══ Data shown ══

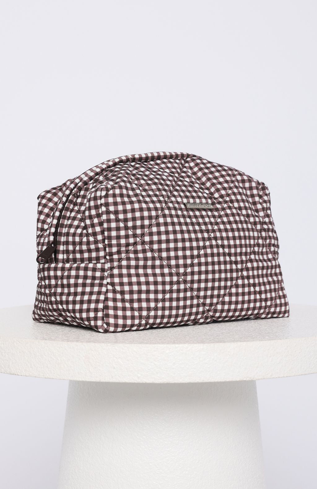 The cosmetic bag you didn't know you needed. Keep your beauty products snug and organised with the Getting Ready Cosmetic Bag in Choc Gingham. Featuring zipper closure, cotton and quilted case and White Fox logo centre front. An essential for your everyday. We're obsessed!
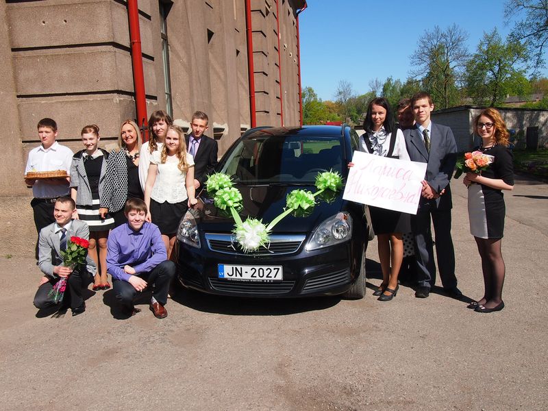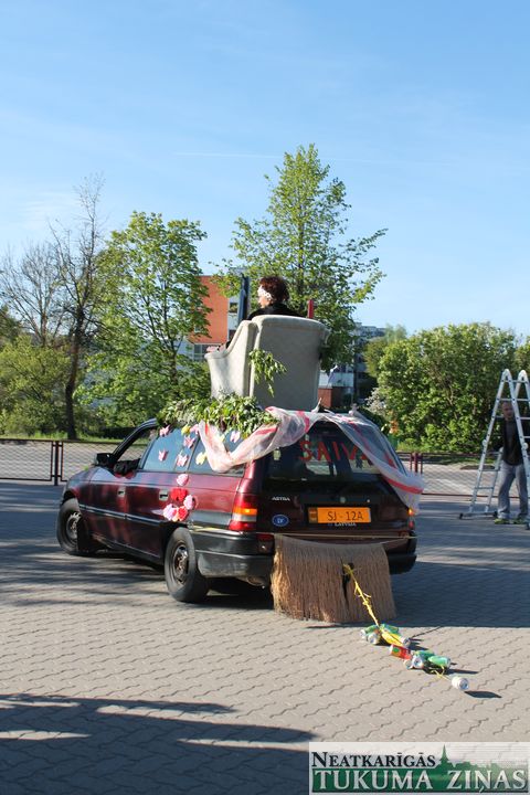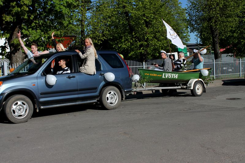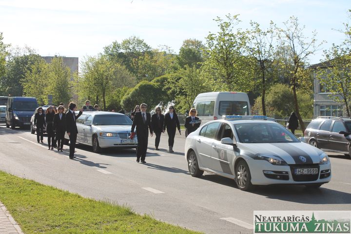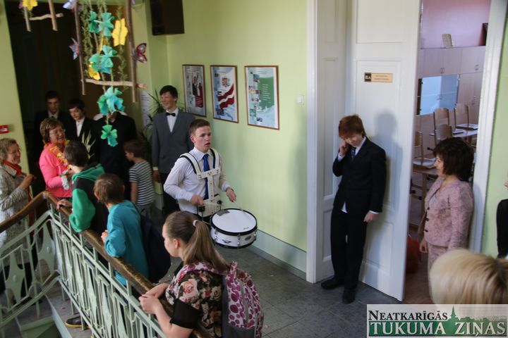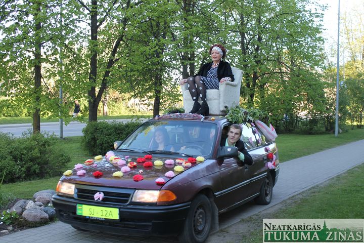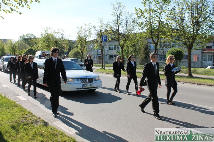 Tukuma 2. vidusskolas abas 12. klases sekoja tradīcijai – skolotāja Saiva Jansone uz darbu “atbrauca” atpūtas krēslā, kas piestiprināts pie automašīnas jumta, un tika cienīgi sagaidīta skolas priekšā, savukārt Dinu Baltakmeni baltā limuzīnā pavadīja melnā tērpts un cienīgs miessargu kortežs.
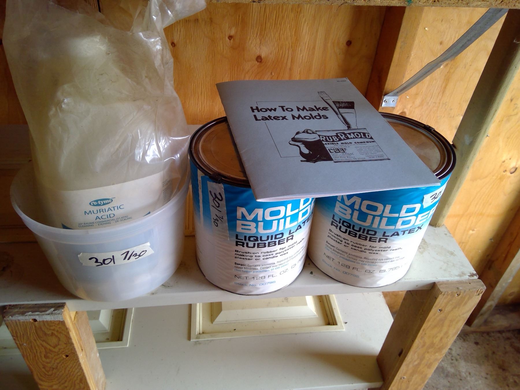 Lot of Muriatic Acid, Liquid Latex, Rubber, and Book
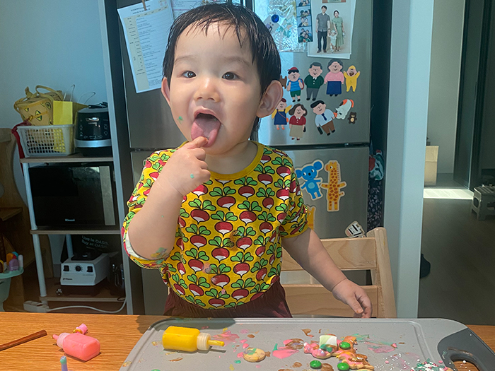 본격적인 집 만들기가 시작됐는데요. 어른에게는 너무나도 간단한 작업이었지만 아직 손으로 하는 미세한 작업이 서툰 아이에게는 난도가 높았습니다. 아이싱 크림을 바르는 작업은 아이의 손을 잡고 함께 했고, 집을 이쁘게 만들어줄 꽃, 별, 동그라미 모양의 쿠키는 아이가 직접 붙였습니다. 그 과정에서 아이는 혼자 하겠다며 고집도 부리고, 잘 안된다고 짜증을 내기도 했지만, 다행히 남는 쿠키 조각들이 많아 입에 넣어주며 열심히 비위(?)를 맞춰드렸습니다.

═══

- _Task item_: Every line from the one containing "Lot of Muriatic" to the last line of the material must be returned exactly. Leave out any pictures.

- _Response to the task_:
 Lot of Muriatic Acid, Liquid Latex, Rubber, and Book
 본격적인 집 만들기가 시작됐는데요. 어른에게는 너무나도 간단한 작업이었지만 아직 손으로 하는 미세한 작업이 서툰 아이에게는 난도가 높았습니다. 아이싱 크림을 바르는 작업은 아이의 손을 잡고 함께 했고, 집을 이쁘게 만들어줄 꽃, 별, 동그라미 모양의 쿠키는 아이가 직접 붙였습니다. 그 과정에서 아이는 혼자 하겠다며 고집도 부리고, 잘 안된다고 짜증을 내기도 했지만, 다행히 남는 쿠키 조각들이 많아 입에 넣어주며 열심히 비위(?)를 맞춰드렸습니다.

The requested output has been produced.